Data records

--*--

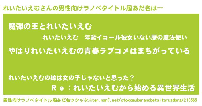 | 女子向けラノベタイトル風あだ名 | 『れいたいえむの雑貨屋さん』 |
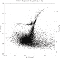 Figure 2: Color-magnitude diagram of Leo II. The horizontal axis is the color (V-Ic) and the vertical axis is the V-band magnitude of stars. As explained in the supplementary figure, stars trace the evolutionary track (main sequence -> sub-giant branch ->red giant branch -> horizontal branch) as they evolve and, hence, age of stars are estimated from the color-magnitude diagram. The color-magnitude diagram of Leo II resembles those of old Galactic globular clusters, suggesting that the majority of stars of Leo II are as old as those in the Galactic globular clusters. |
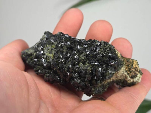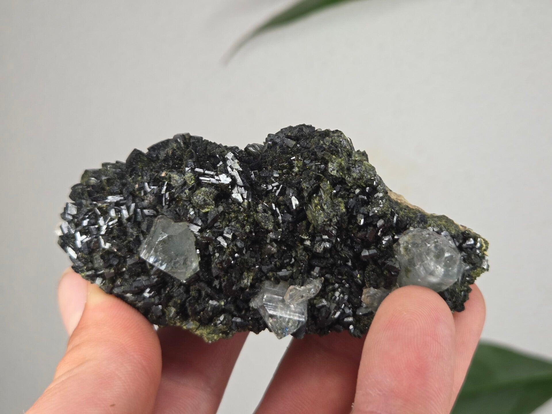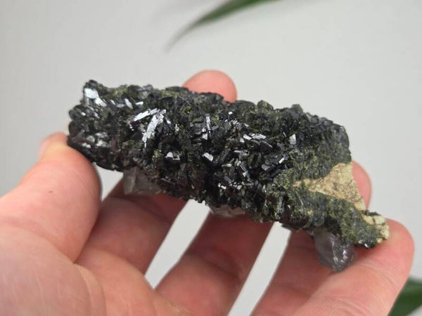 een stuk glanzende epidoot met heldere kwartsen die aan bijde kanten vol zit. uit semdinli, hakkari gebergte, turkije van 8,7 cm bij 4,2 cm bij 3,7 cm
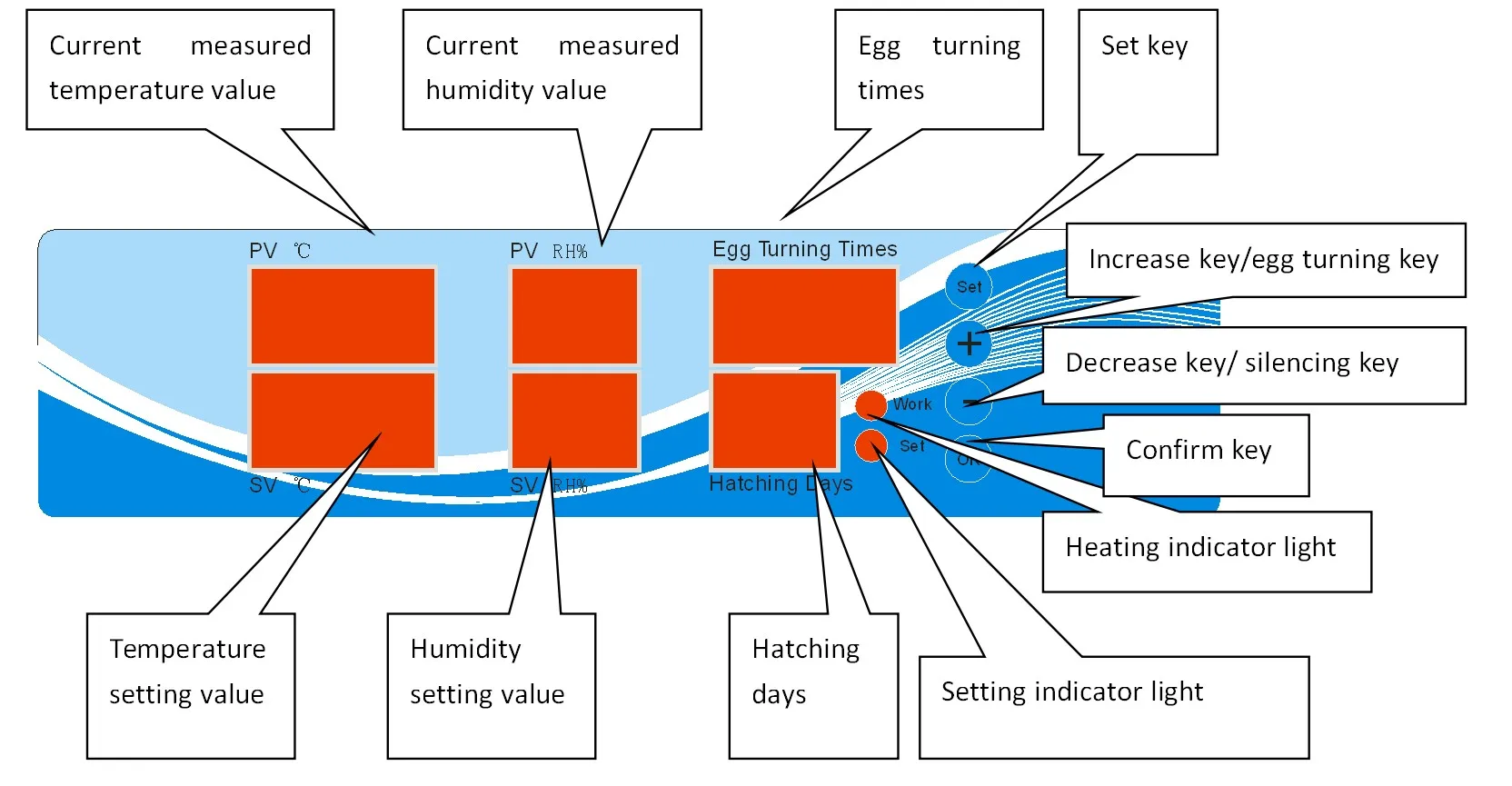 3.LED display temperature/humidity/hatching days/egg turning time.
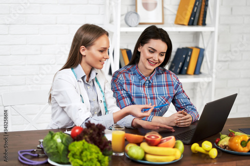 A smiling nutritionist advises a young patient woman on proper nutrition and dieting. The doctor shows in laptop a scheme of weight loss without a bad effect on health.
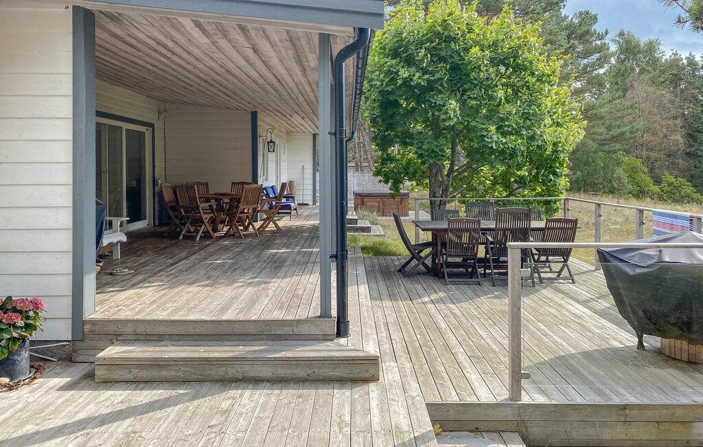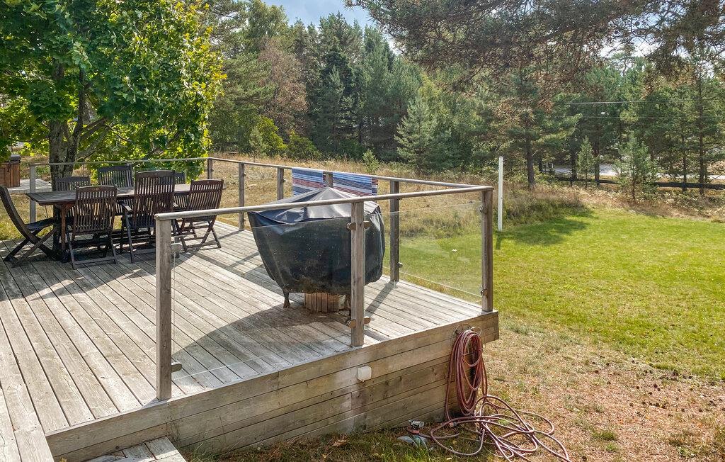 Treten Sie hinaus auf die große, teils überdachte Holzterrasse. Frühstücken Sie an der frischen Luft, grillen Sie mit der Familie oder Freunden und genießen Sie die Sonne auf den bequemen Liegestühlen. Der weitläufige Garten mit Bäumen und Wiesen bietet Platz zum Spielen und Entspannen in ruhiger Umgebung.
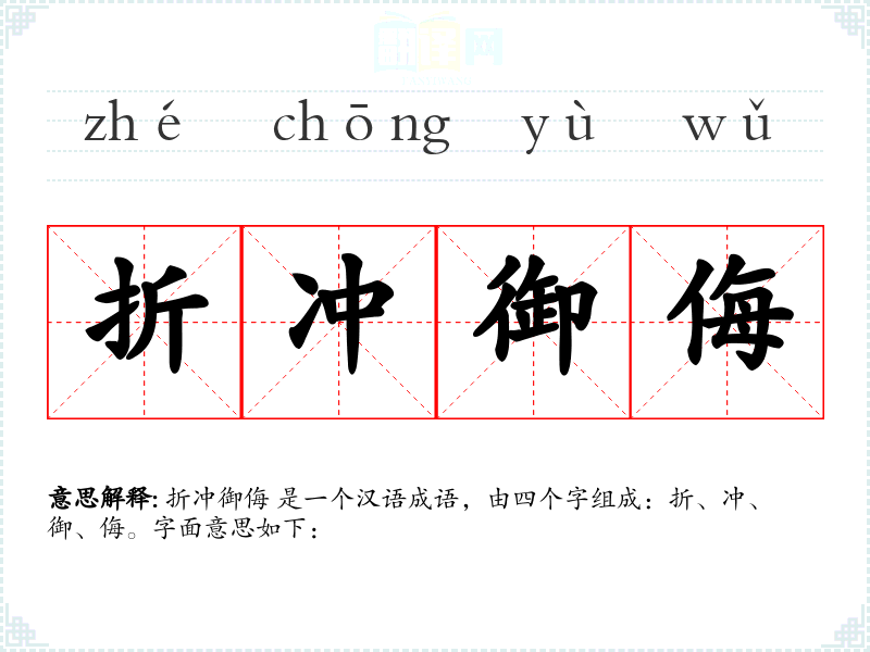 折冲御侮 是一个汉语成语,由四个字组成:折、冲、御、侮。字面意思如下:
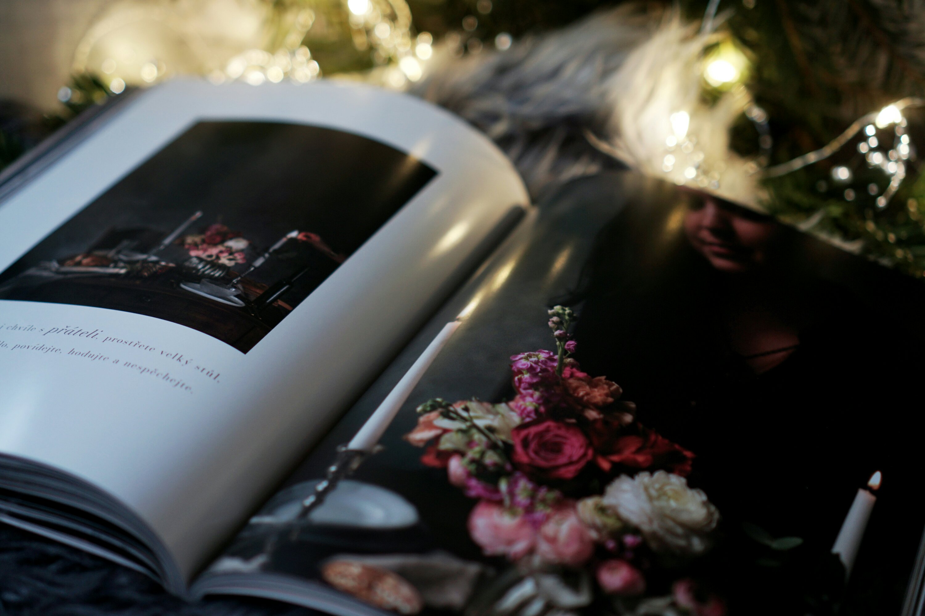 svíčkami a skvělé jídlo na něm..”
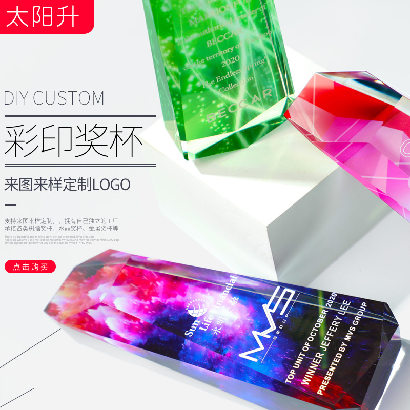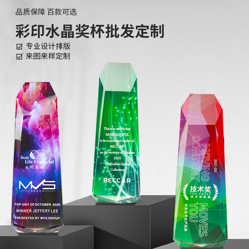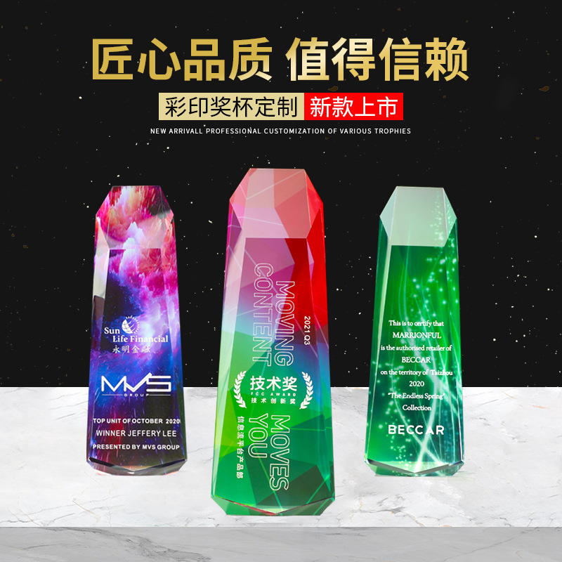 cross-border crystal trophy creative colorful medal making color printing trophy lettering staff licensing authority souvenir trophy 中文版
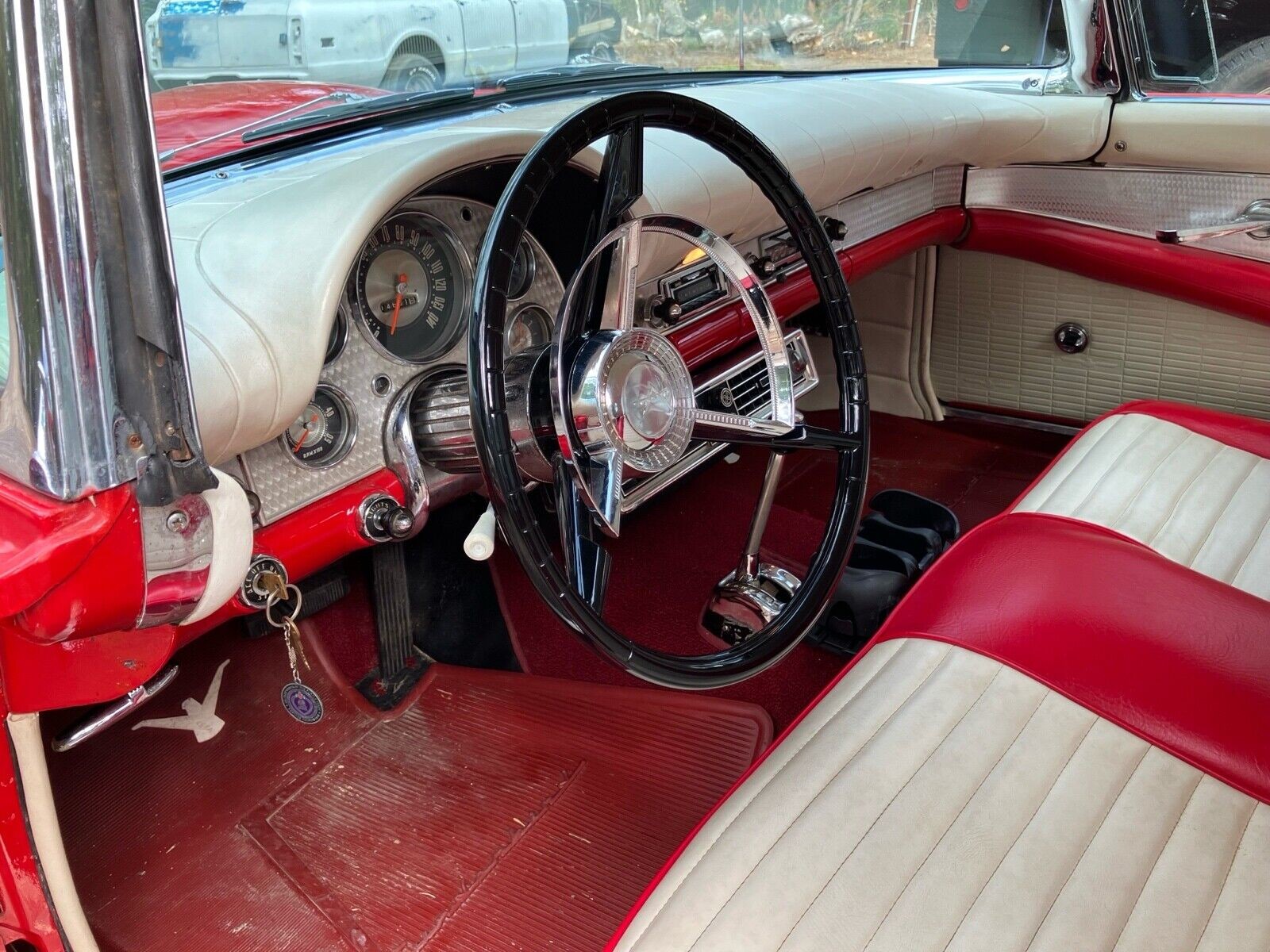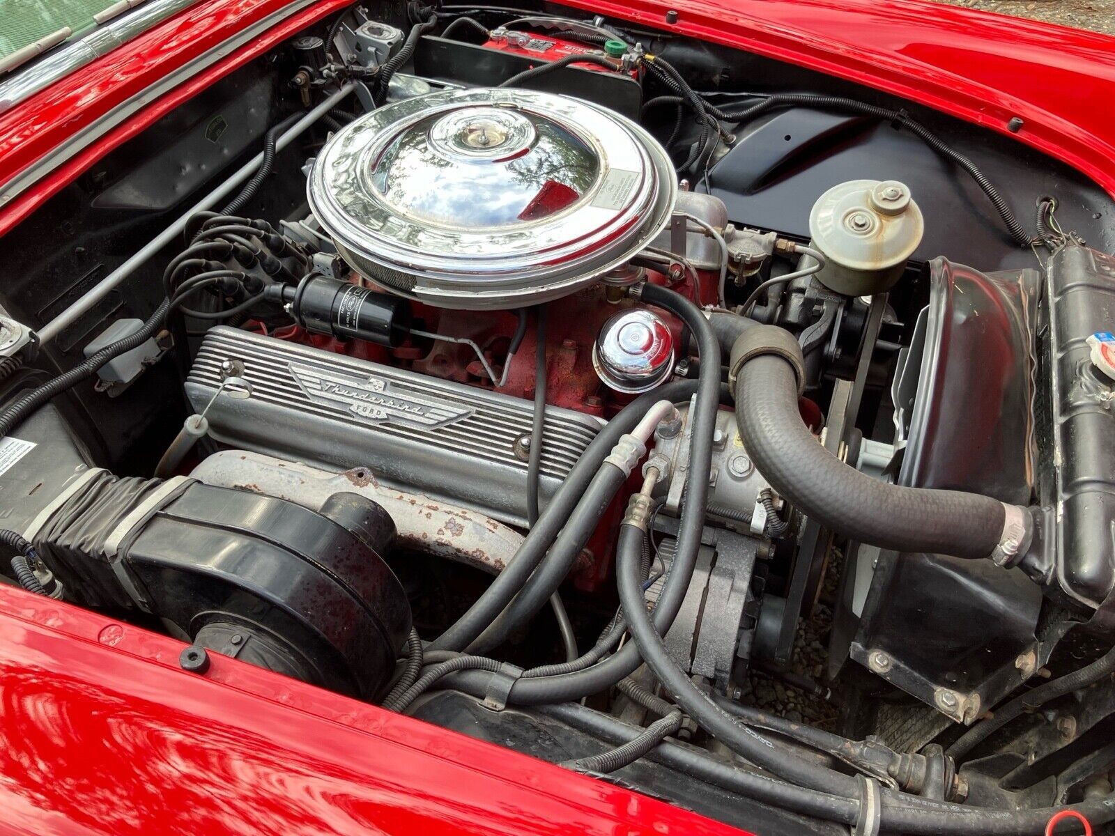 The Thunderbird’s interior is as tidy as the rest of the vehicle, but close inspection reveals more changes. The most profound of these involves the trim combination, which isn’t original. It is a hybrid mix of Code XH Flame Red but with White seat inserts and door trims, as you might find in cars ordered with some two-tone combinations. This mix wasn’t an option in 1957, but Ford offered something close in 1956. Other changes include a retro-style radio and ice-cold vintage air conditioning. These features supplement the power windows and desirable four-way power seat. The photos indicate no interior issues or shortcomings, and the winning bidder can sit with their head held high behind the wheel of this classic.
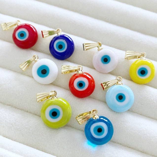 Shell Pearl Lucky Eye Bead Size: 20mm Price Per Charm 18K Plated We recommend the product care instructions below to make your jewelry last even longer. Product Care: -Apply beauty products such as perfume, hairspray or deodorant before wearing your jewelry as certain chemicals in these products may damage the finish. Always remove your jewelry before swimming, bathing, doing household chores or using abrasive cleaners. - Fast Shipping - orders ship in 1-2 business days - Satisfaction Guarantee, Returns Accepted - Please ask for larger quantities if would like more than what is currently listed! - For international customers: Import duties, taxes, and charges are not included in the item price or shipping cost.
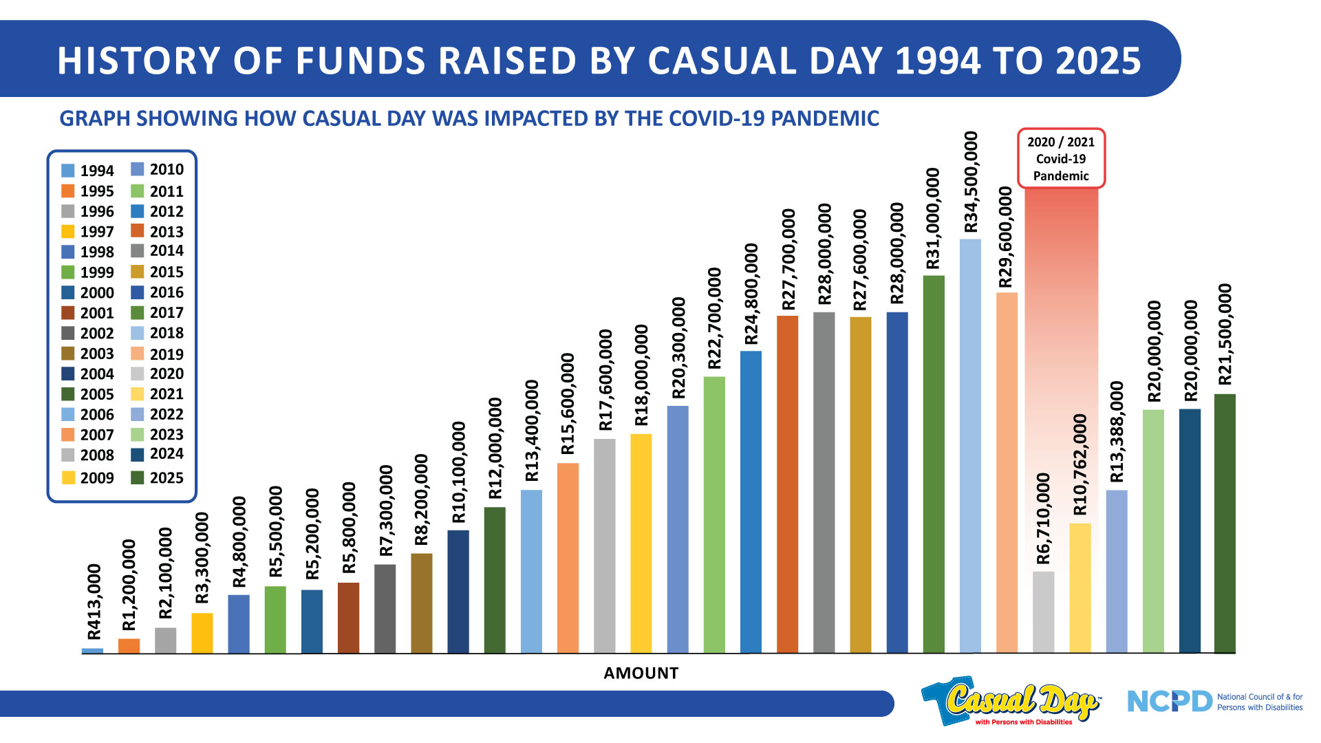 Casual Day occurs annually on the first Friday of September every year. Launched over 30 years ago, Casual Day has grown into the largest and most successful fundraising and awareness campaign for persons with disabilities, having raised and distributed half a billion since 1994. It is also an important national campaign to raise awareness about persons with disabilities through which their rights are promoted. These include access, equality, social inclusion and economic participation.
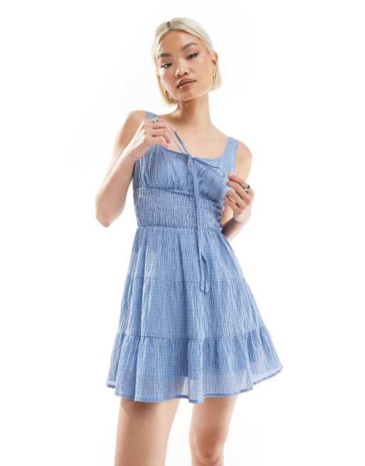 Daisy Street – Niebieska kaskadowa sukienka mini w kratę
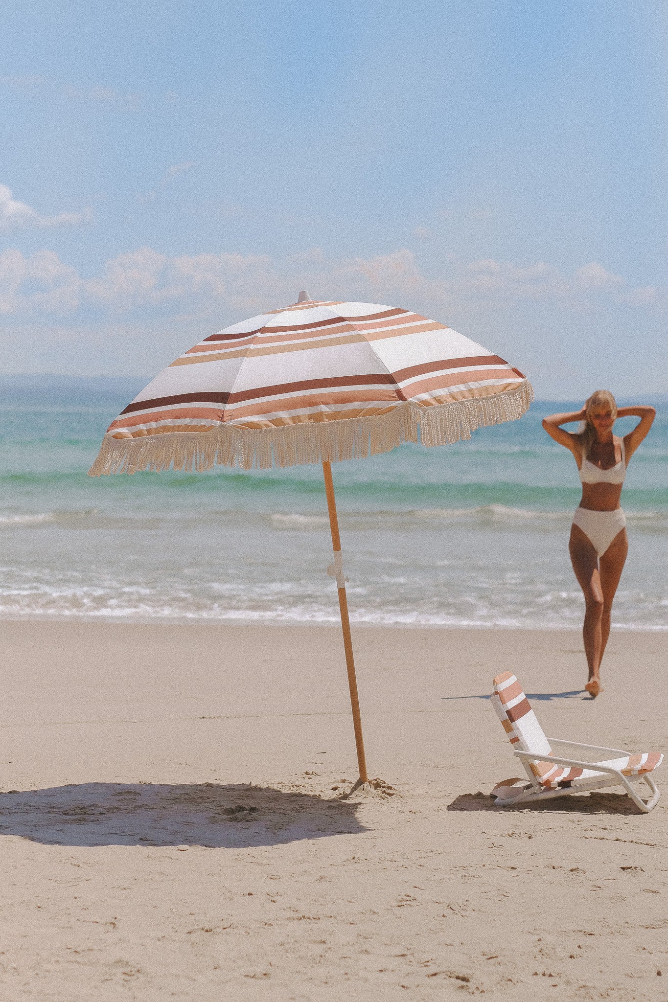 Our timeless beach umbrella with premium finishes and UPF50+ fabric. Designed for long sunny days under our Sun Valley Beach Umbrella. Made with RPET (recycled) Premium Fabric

--*--

ABOUT THIS TASK: Output, line for line and exactly, the records above from their first line through the one with "Figure 2: Color-magnitude", both ends included, but no pictures.

RESPONSE:
 | 女子向けラノベタイトル風あだ名 | 『れいたいえむの雑貨屋さん』 |
 Figure 2: Color-magnitude diagram of Leo II. The horizontal axis is the color (V-Ic) and the vertical axis is the V-band magnitude of stars. As explained in the supplementary figure, stars trace the evolutionary track (main sequence -> sub-giant branch ->red giant branch -> horizontal branch) as they evolve and, hence, age of stars are estimated from the color-magnitude diagram. The color-magnitude diagram of Leo II resembles those of old Galactic globular clusters, suggesting that the majority of stars of Leo II are as old as those in the Galactic globular clusters. |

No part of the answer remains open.